The main objectives of this study were to measure phytic P ratio to the total P in a range of ingredients and to investigate feasibility to predict P variations by Near Infrared Reflectance Spectroscopy (NIRS).
MATERIALS & METHODS
We collected 227 samples from world-wide mainly representing cereals, cereals byproducts, oilseeds and oilseed meals. All samples were analysed for their concentrations of total P (pR NF EN 15510) by mineralization and detection with Inductively Coupled Plasma (ICP)- Optical Emission Spectrometry (OES), and phytic P was analysed using an enzymatic methods which involves extraction of inositol phosphates followed by treatment with a 6-phytase that is specific for phytic acid (IP6) and the lower myoinositol forms. Subsequent treatment with alkaline phosphatase ensures the release of the final phosphate myo-inositol phosphate (IP1) which is relatively resistant to the action of phytase. These samples were further also analysed for their NIRS absorbance from 1100 to 2500 nm, to determine correlation between absorbance to both total and phytic P. NIRS calibrations were then developed with mPLS regression.
RESULTS AND DISCUSSION
Results in Table 1 showed that phytic P contents ranged from 18% (cassava) to 83% (rice bran) of the total P content, with large variations intra-species in the ratio phytic P/total P ranging from 64 to 87% (0.14-0.30) in corn, from 64 to 80% (0.16-0.27) in wheat, from 66 to 95% (0.54-0.98) in rapeseed meals and from 59 to 69% (0.36-0.57%) in soybean meal. These results are well in line with data published by Tran and Skiba (2005).
Table 1: Variability of total P and phytic P contents in raw materials (CERN) comparing with INRA data.
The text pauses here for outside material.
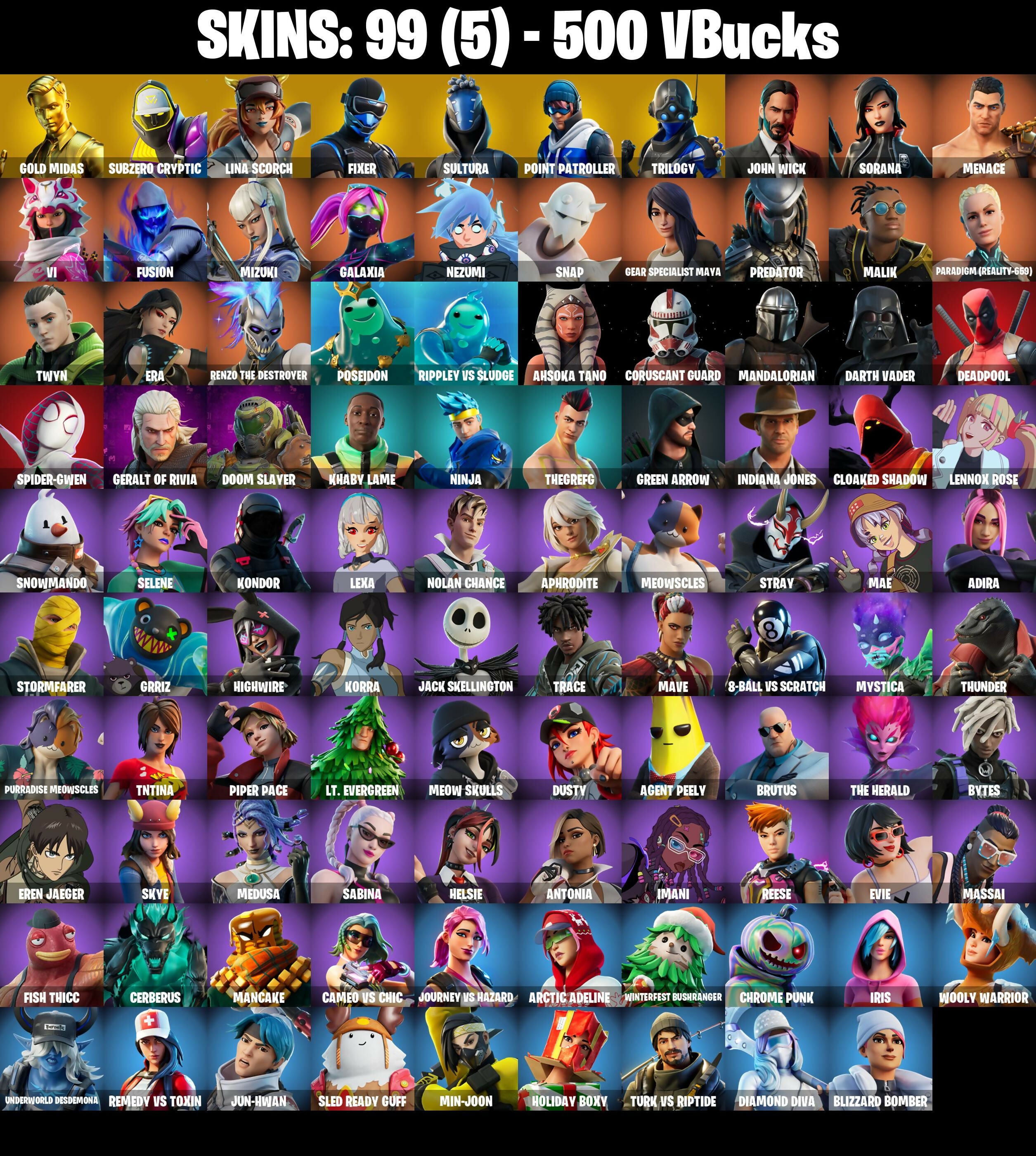 PC/PSN/XBOX |99 skins | Deadpool | Gold Midas | Galaxia | Spider-Gwen | Rage | Fusion | Menace | Darth Vader | Mizuki | Sing Along | #B1074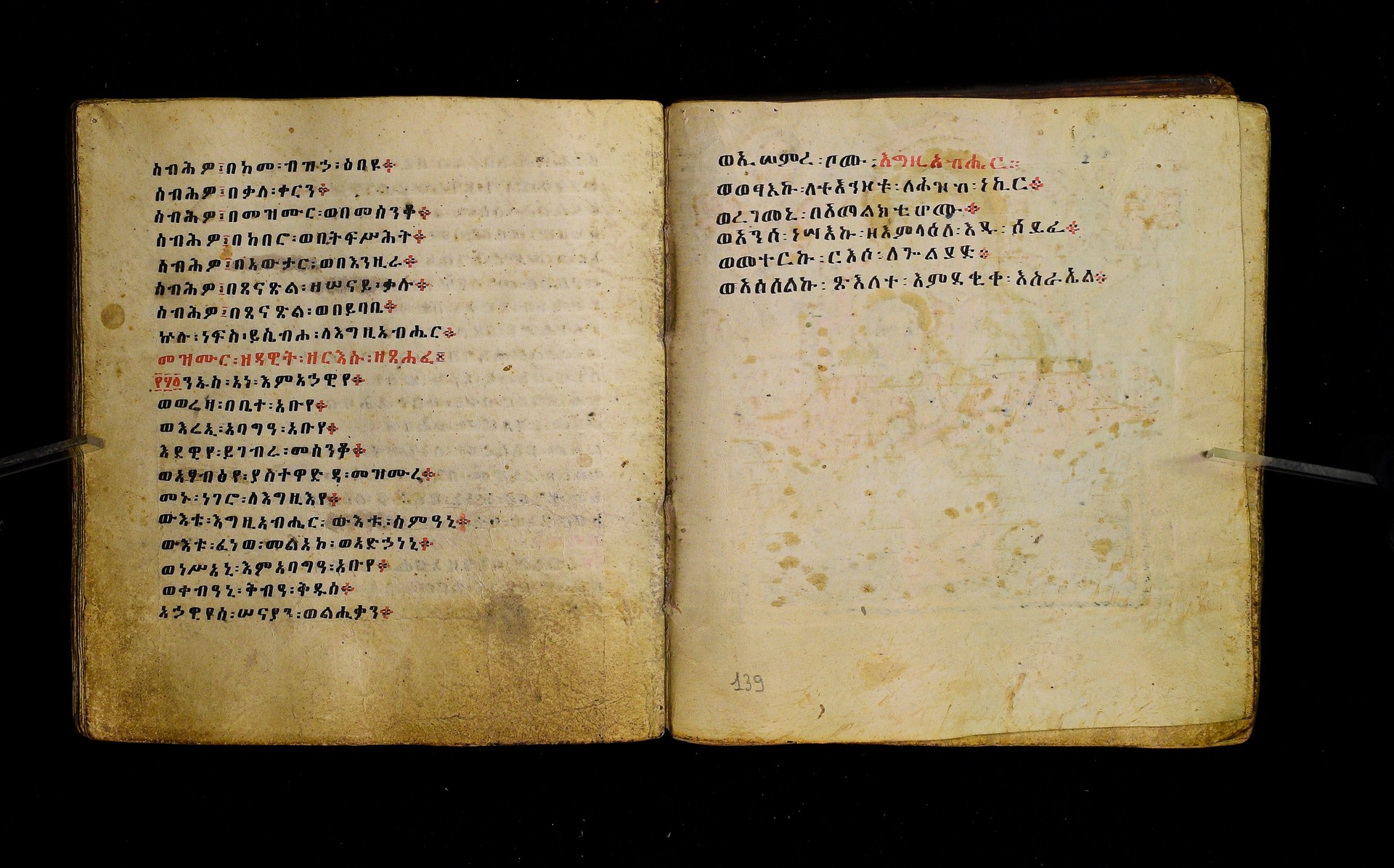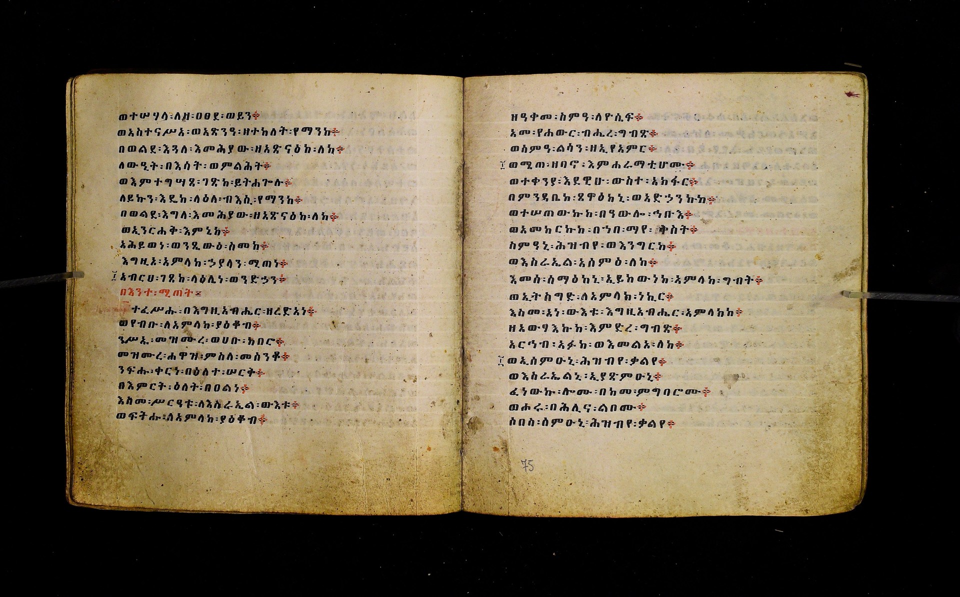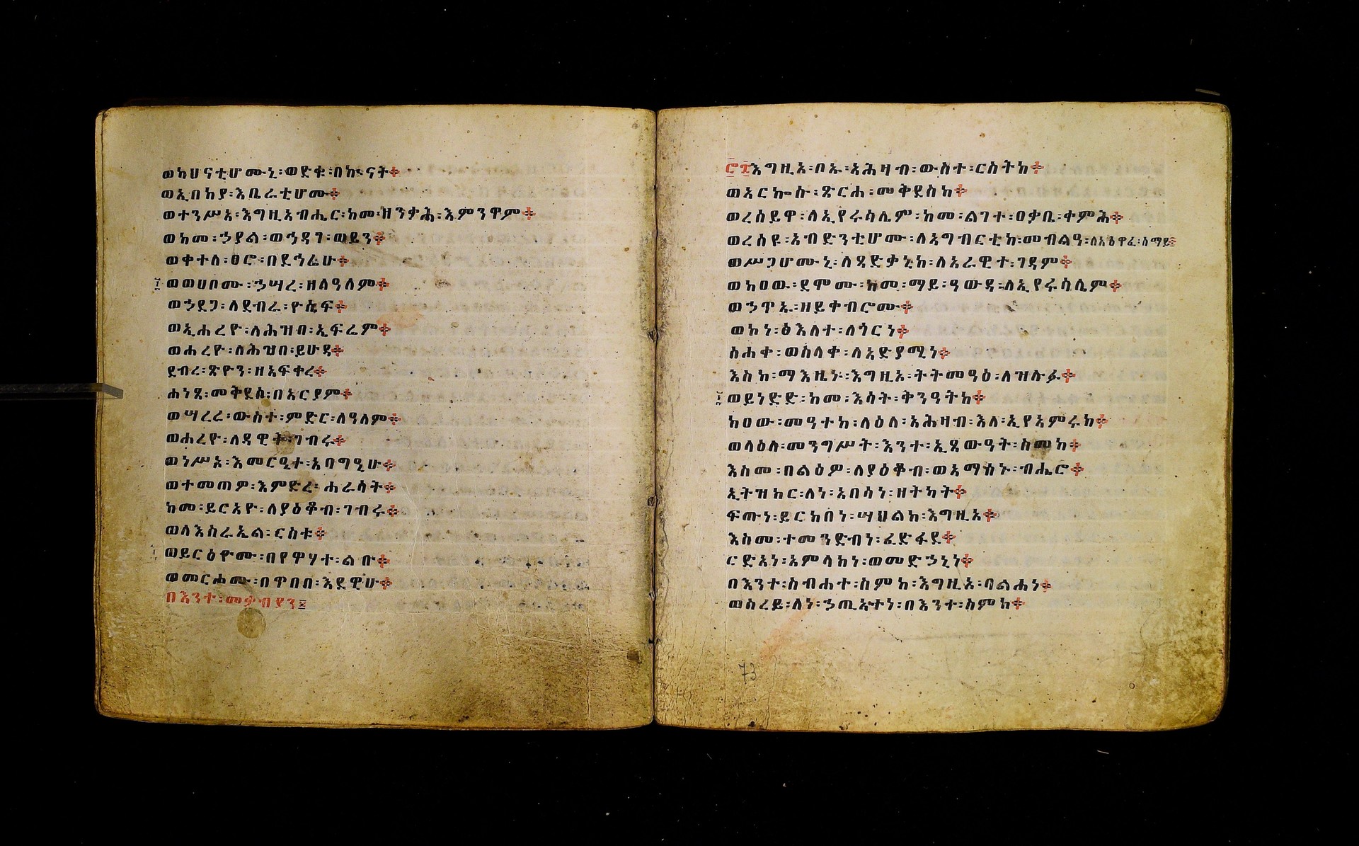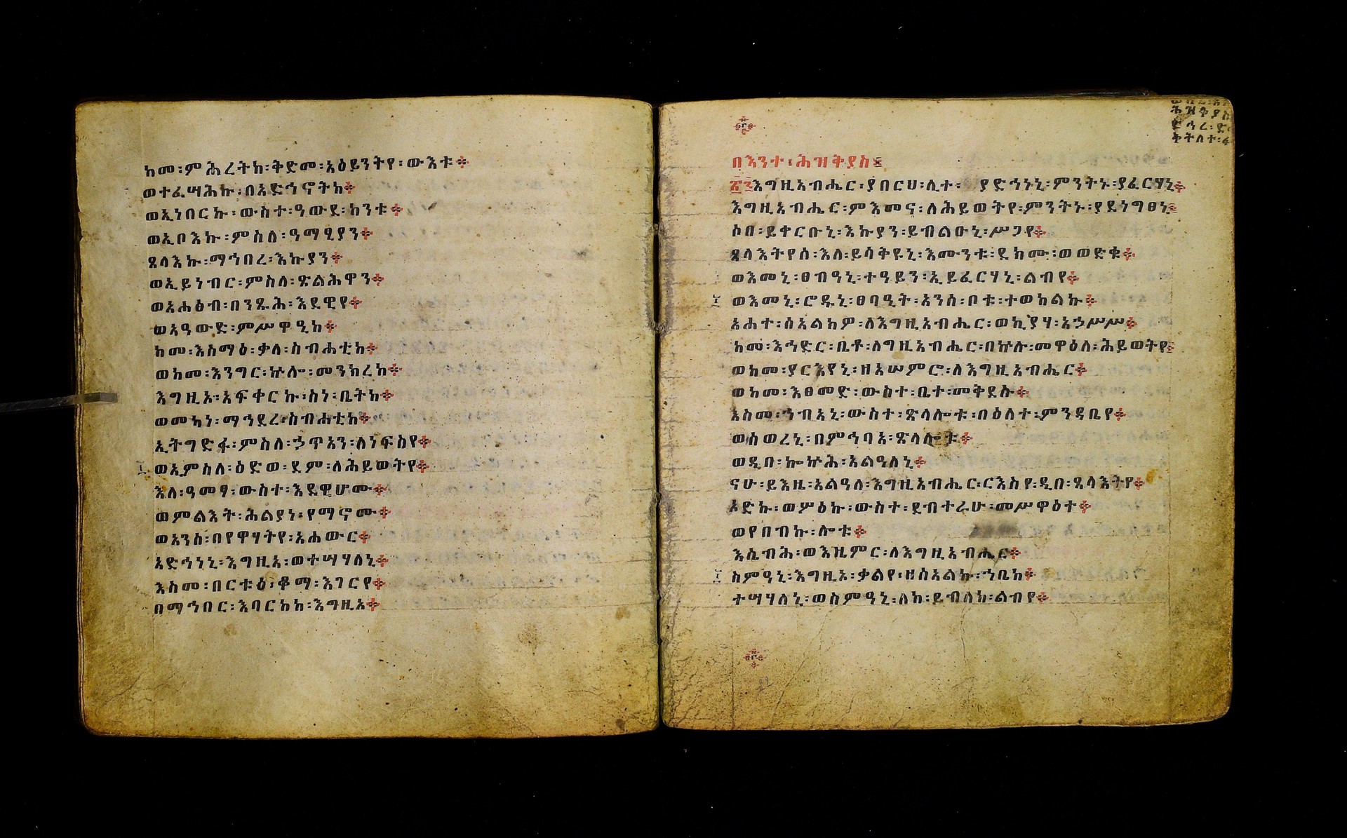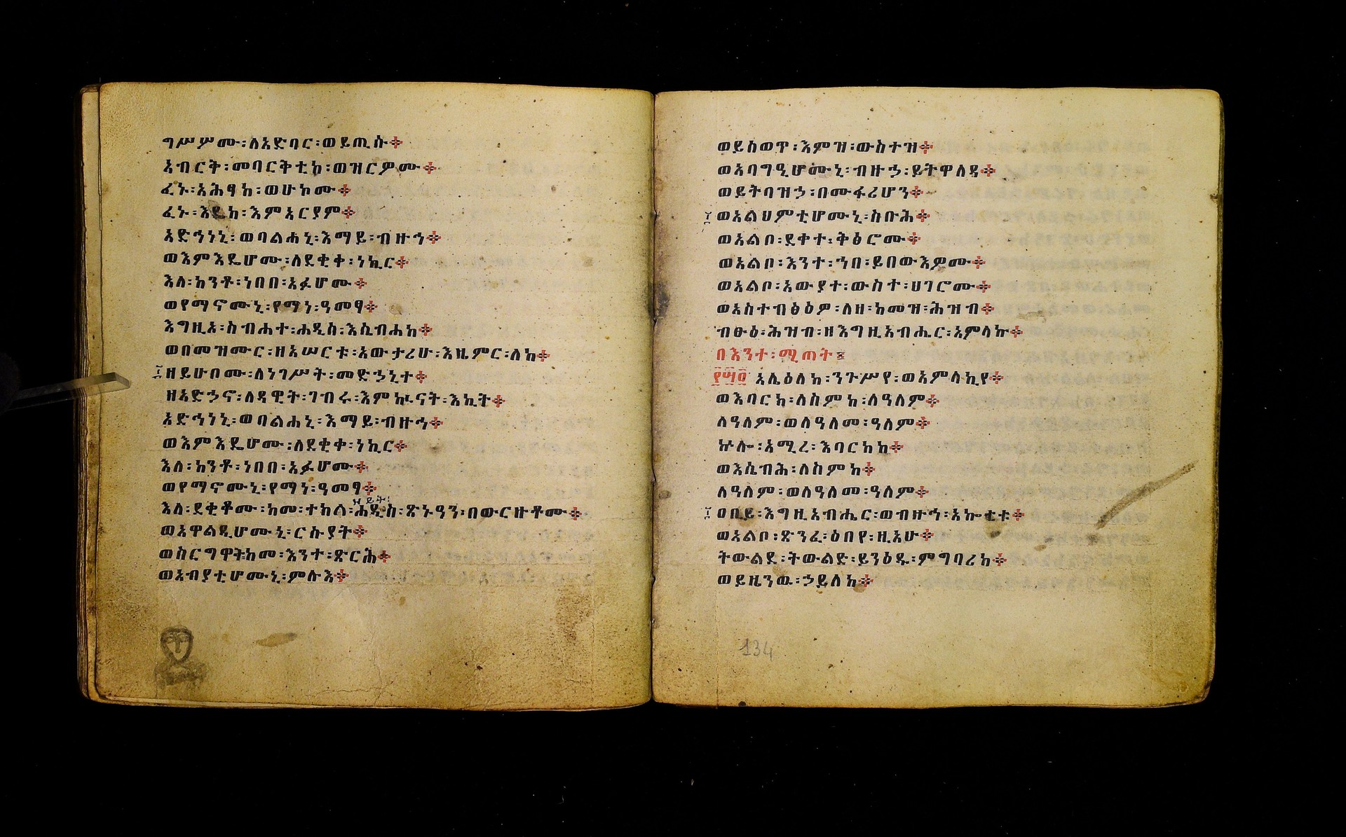 1. F. 2ra–vb: prayer to God, written on two columns in a fine handwriting. Incipit: እገይስ፡ ኀቤከ፡ አምላኪየ፡ አንተ፡ ኩነኒ፡ ረዳእየ፡ ወኩነኒ፡ ምስካይየ። ፀወንየ፡ ወኃይልየ፡ መድኃኒተ፡ ነፍስየ፡ አምላኪየ፡ ወኪያከ፡ ተወከልኩ። ኪያከ፡ ተወከልኩ፡ ኀቤከ፡ ተማኅፀንኩ፡ ኢትግድፈኒ፡ ለዝሉፉ፡ ወኢትርስአኒ፡ በምሕረትከ።. The names of Wäldä Iyäsus e Kidanä Mar[yam] are mentioned on f. 2vb. 2. F. 11r: short mäwaśǝʾt-hymn: ተፈሣሕኩ፡እስመ፡ ይቤሉኒ፡ ቤተ፡ ቤተ፡ እግዚአብሔር፡ ነሐውር። ሶበ፡ ይነቅህ፡ ካህን፡ ተከሥተ፡ ብርሃን፡ ለዓለም፡ ወተቀደሰት፡ ቤተ፡ ክርስቲያን፡ በክ፡ ወበስብሐት፡. The hymn is separated from the main text by a black vertical line and is provided with interlineal musical notation. 3. F. 163va–b: hymn entitled Mäḥaränä ab, “The Father had mercy on us”. The hymn is written in a small script and is provided with interlineal musical notation. Incipit: መሐረነ፡ አብ፡ ሃሌ፡ ሉያ፡ ተሣሃለነ፡ ወልድ፡ ሃሌ፡ ሉያ፡ መንፈስ፡ ቅዱስ፡ መሐሪ፡ ተዘከረነ፡ በሣህልከ። ለከ፡ ንፌኑ፡ ስብሐተ፡ ወለከ፡ ነዓርግ፡ አኰቴተ። መሐረነ፡ መሐሪ፡ ኃጢአተነ፡ አስተስሪ። 4. Ff. 178va–179ra: Ethiopian syllabary, written in a recent and untrained hand and followed by a short text in Amharic and Gǝʿǝz, written in the same hand. Incipit: አሊ፡ ጀረ፡ አመተ፡ ጀርጀረ፡ ነጋሢ፡ ምኒልክ፡ ቍርቍራ፡ ስመ፡ ጥርስ፡ አጥርሲ፡ አንበሳ፡ ጋማማ፡ ነምር፡ ጥፍራማ፡ ጅብ፡ ደደሳማ. |

NIRS calibrations explained 93 and 92% of the variations measured in total and phytic P with standard error of 0.05 and 0.04%. When comparing non-phytic phosphorus calculated from chemistry vs. NIRS of samples external to database, we confirmed differences by 0.01, 0.02, 0.07 and 0.02%, respectively for corn, wheat, rapeseed meals and soybean meals, respectively.
Fig. 1 shows correlation between NIRS prediction and lab analytical values. These preliminary results suggest that NIRS prediction models able to explain 93 and 92% of the variations measured in total P and phytate P with standard errors 0.05% and 0.04%, respectively.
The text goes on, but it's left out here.